Work request ▸
Using the entries that follow, transcribe only the lines from the line with "На відбитку (30.7" to the line with "Pozłacana, papierowa zakładka", both included, exactly as they stand and without pictures.

Data ▸
== Segment start ==
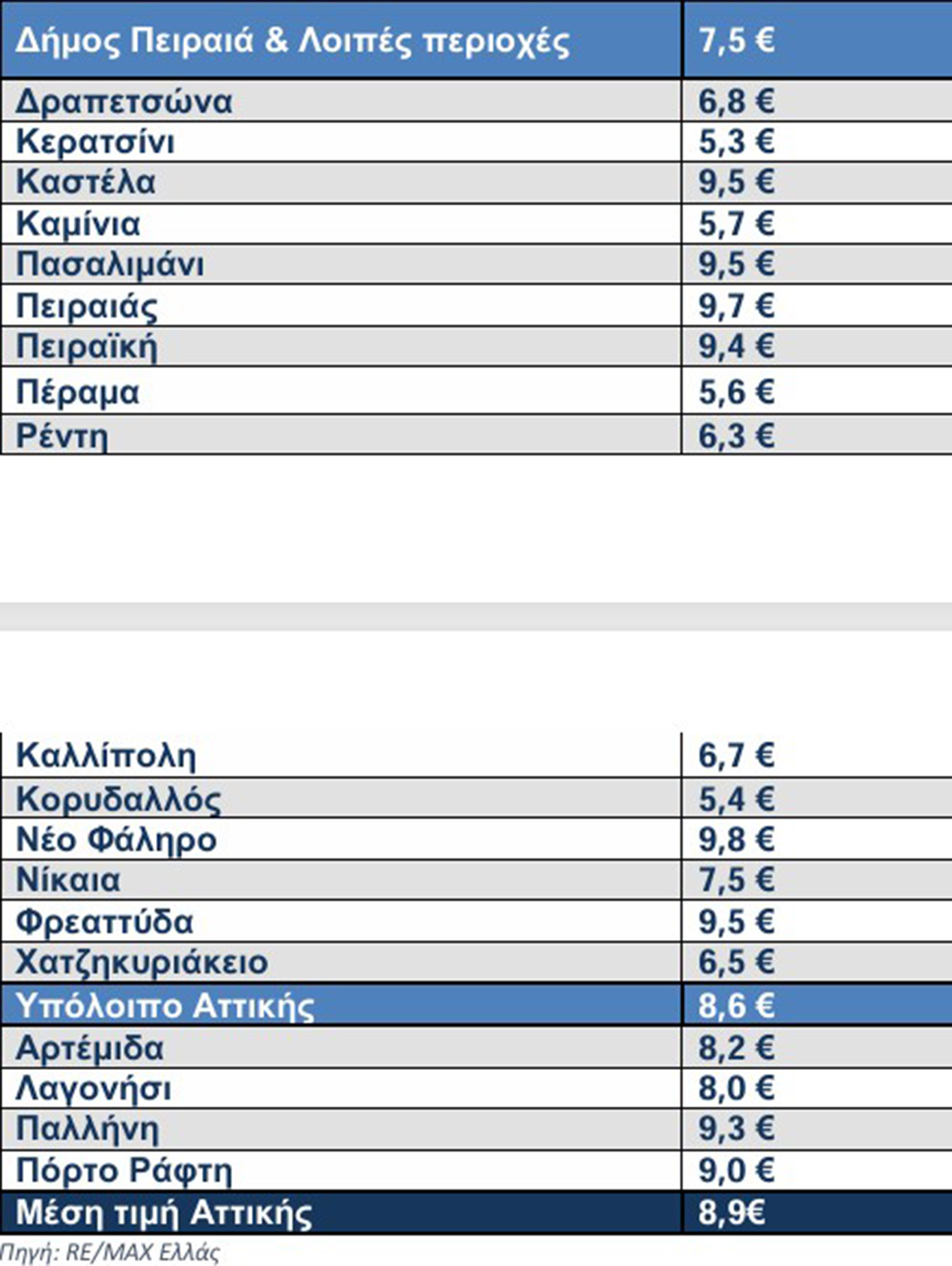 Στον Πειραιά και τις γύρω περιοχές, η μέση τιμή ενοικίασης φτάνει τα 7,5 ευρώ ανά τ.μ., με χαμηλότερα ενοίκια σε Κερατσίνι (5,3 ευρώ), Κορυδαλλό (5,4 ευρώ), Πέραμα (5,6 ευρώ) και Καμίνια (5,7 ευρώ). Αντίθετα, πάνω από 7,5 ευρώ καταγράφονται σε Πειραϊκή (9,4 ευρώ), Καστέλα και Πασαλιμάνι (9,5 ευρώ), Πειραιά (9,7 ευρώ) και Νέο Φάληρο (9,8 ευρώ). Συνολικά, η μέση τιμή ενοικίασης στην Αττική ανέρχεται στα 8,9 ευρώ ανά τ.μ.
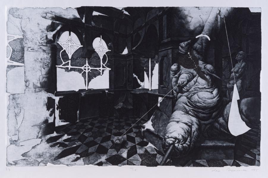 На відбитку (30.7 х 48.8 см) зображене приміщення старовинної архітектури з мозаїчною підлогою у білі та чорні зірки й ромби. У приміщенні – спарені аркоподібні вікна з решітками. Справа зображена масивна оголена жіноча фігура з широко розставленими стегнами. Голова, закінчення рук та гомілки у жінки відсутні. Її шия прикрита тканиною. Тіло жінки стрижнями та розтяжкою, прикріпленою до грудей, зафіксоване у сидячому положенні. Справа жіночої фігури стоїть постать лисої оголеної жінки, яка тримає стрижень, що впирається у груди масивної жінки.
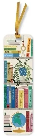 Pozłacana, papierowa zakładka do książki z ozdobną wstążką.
== Segment end ==
== Segment start ==
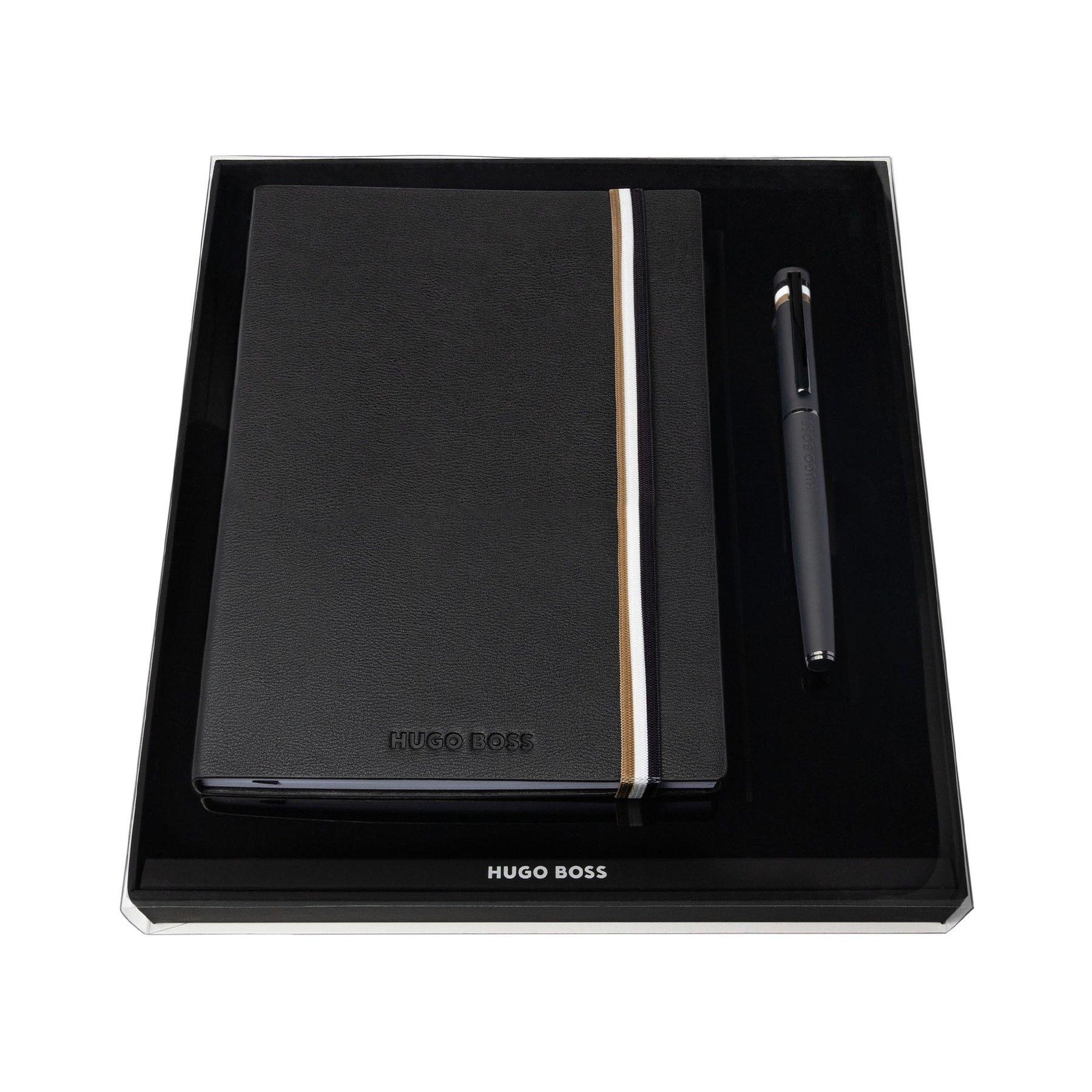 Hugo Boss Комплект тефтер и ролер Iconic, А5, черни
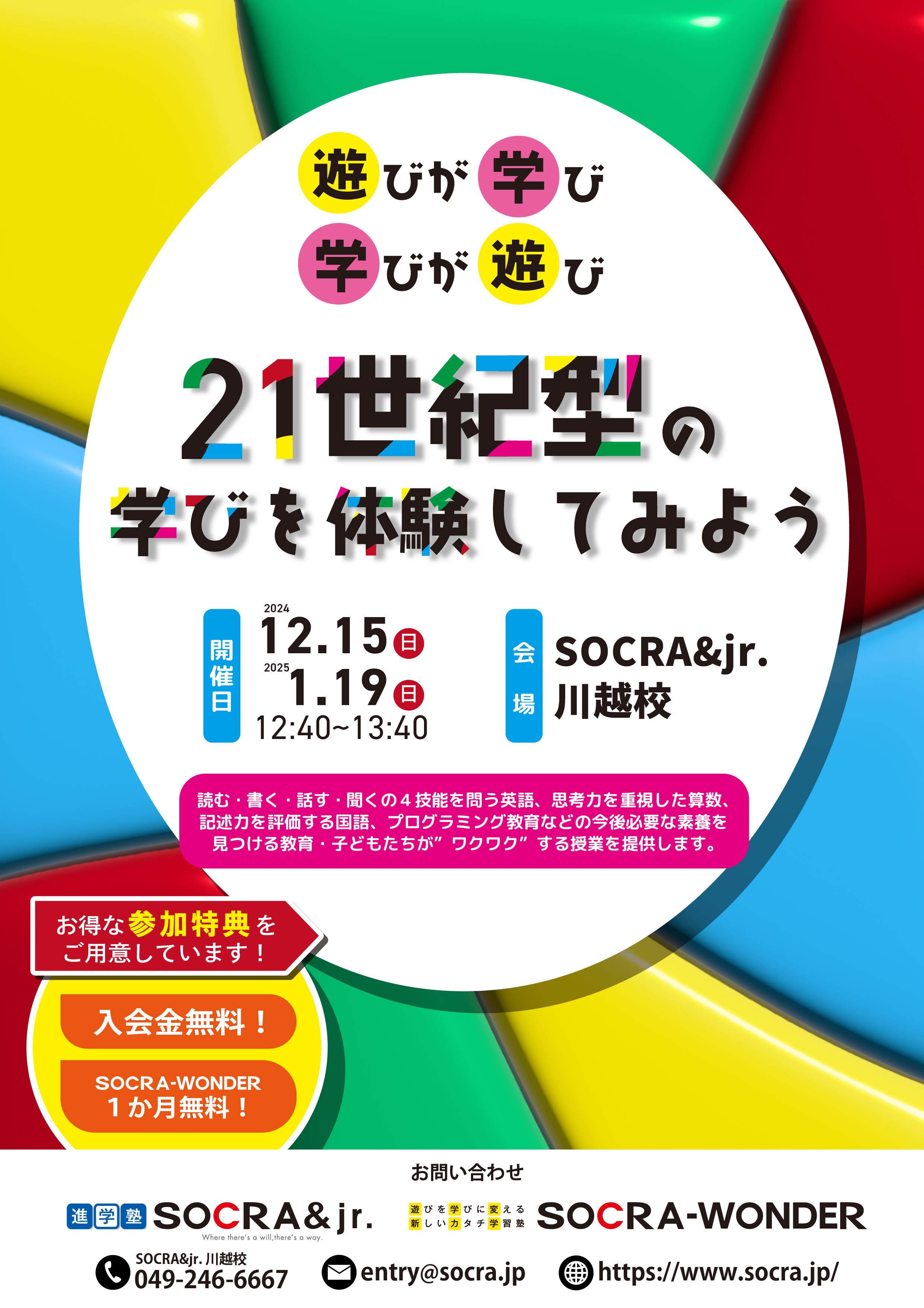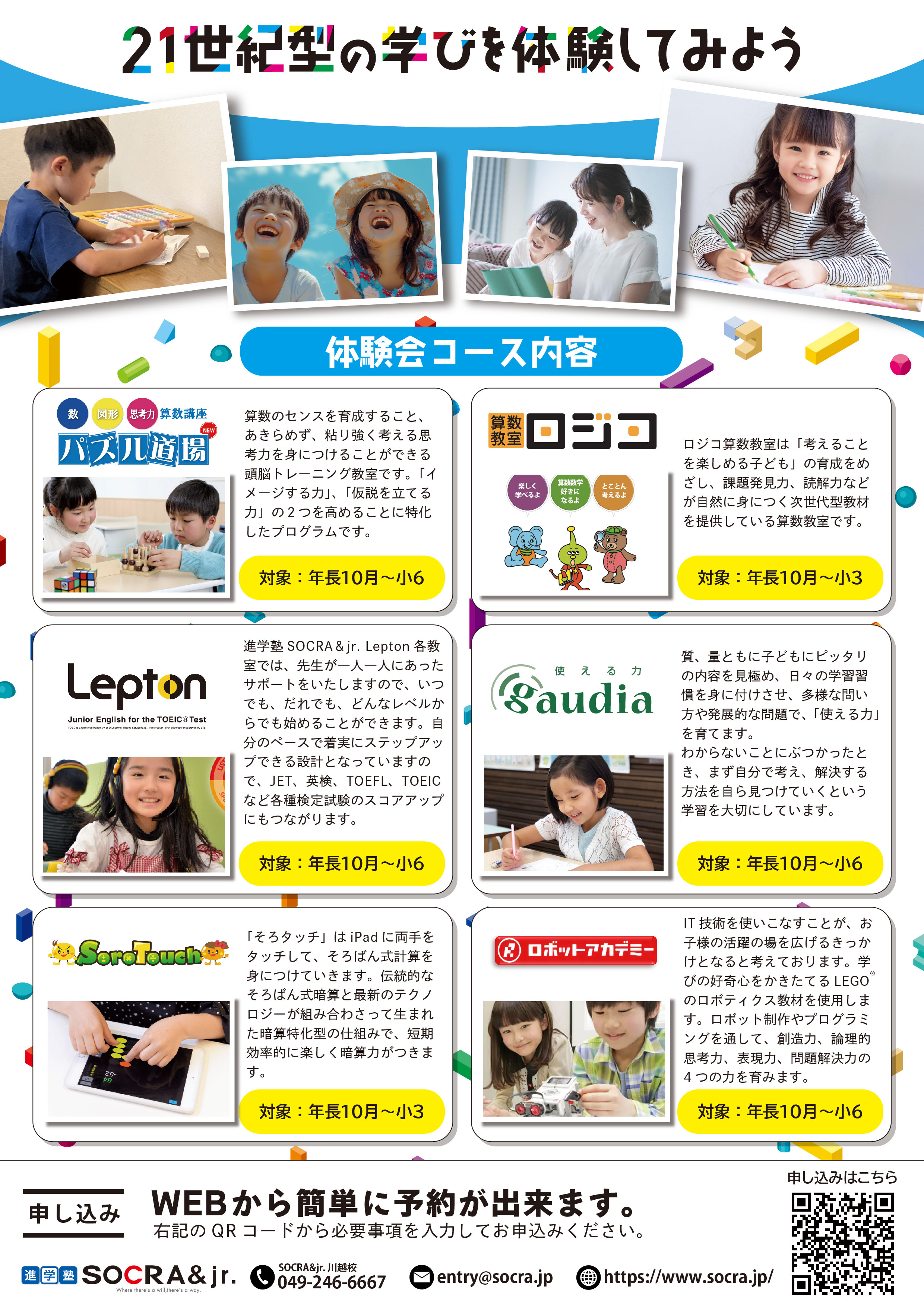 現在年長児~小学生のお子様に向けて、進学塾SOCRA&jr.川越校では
== Segment end ==
== Segment start ==
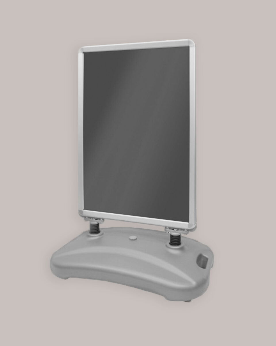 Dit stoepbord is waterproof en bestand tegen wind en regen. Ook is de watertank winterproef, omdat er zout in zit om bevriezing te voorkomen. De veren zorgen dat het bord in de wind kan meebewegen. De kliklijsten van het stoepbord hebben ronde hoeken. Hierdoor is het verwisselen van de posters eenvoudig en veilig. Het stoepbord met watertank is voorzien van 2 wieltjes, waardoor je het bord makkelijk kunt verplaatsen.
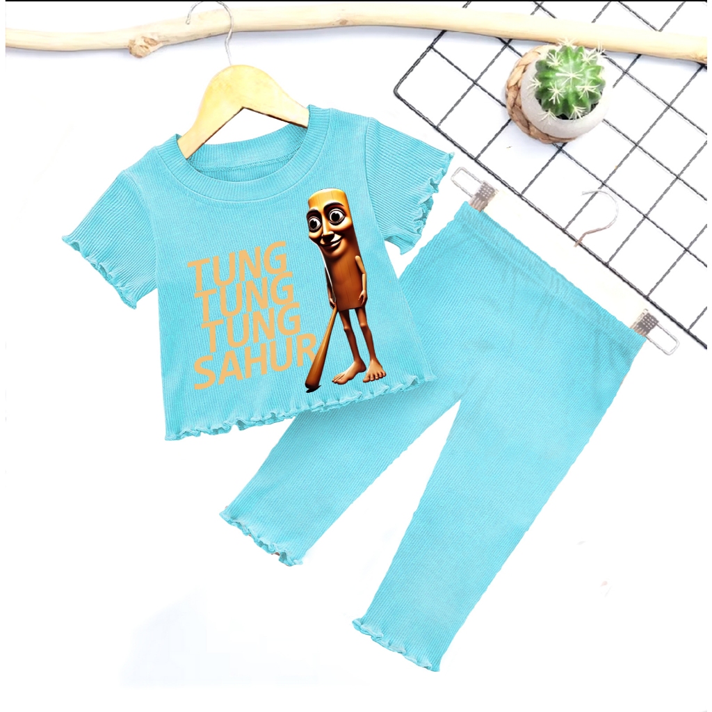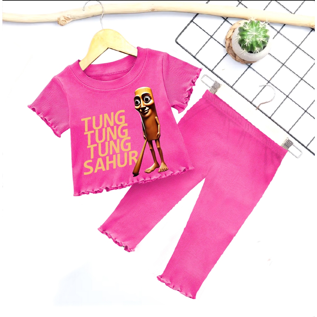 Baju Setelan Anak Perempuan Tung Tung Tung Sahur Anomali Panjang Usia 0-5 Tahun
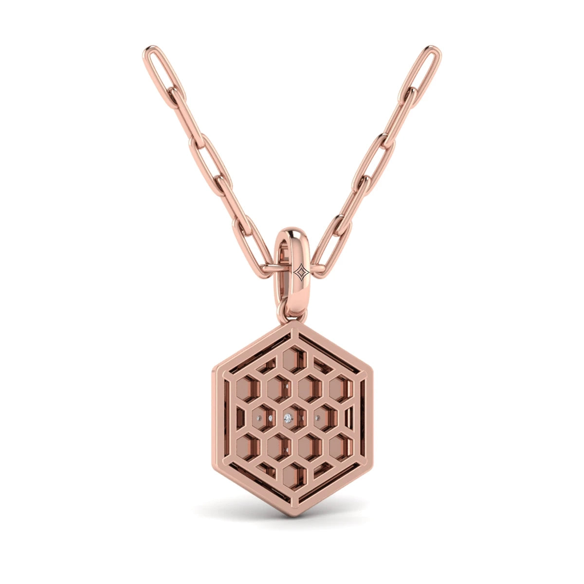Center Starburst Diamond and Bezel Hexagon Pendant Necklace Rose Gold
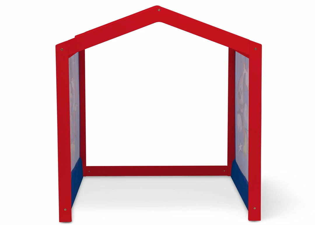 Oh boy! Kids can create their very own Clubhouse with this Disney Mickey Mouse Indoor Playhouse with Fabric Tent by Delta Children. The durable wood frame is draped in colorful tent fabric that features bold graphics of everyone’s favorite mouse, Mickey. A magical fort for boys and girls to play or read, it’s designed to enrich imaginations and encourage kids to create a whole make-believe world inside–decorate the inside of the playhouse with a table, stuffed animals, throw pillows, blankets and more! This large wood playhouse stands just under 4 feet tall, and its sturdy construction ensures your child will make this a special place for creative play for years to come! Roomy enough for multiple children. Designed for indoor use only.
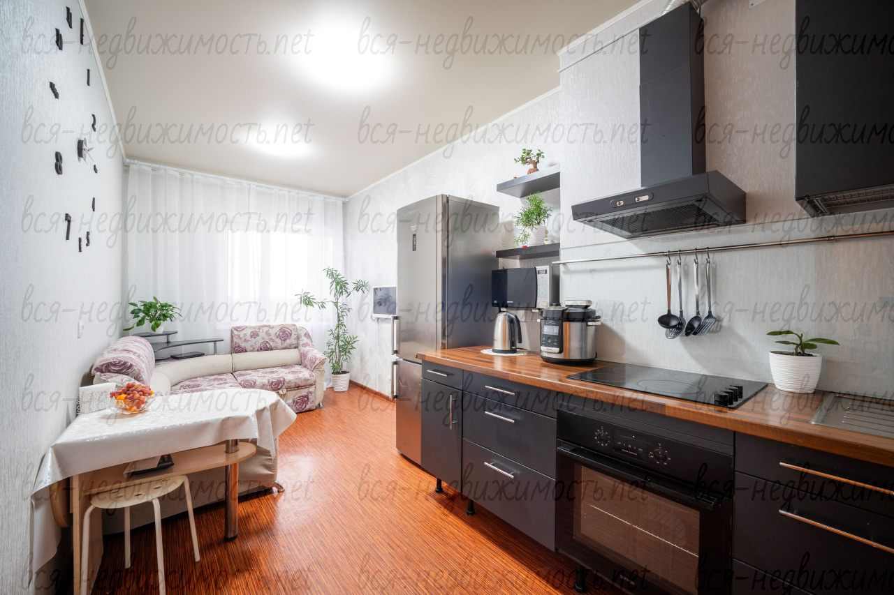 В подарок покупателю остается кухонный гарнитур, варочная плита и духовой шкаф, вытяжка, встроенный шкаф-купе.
== Segment end ==
Solution to the exercise ▸
 На відбитку (30.7 х 48.8 см) зображене приміщення старовинної архітектури з мозаїчною підлогою у білі та чорні зірки й ромби. У приміщенні – спарені аркоподібні вікна з решітками. Справа зображена масивна оголена жіноча фігура з широко розставленими стегнами. Голова, закінчення рук та гомілки у жінки відсутні. Її шия прикрита тканиною. Тіло жінки стрижнями та розтяжкою, прикріпленою до грудей, зафіксоване у сидячому положенні. Справа жіночої фігури стоїть постать лисої оголеної жінки, яка тримає стрижень, що впирається у груди масивної жінки.
 Pozłacana, papierowa zakładka do książki z ozdobną wstążką.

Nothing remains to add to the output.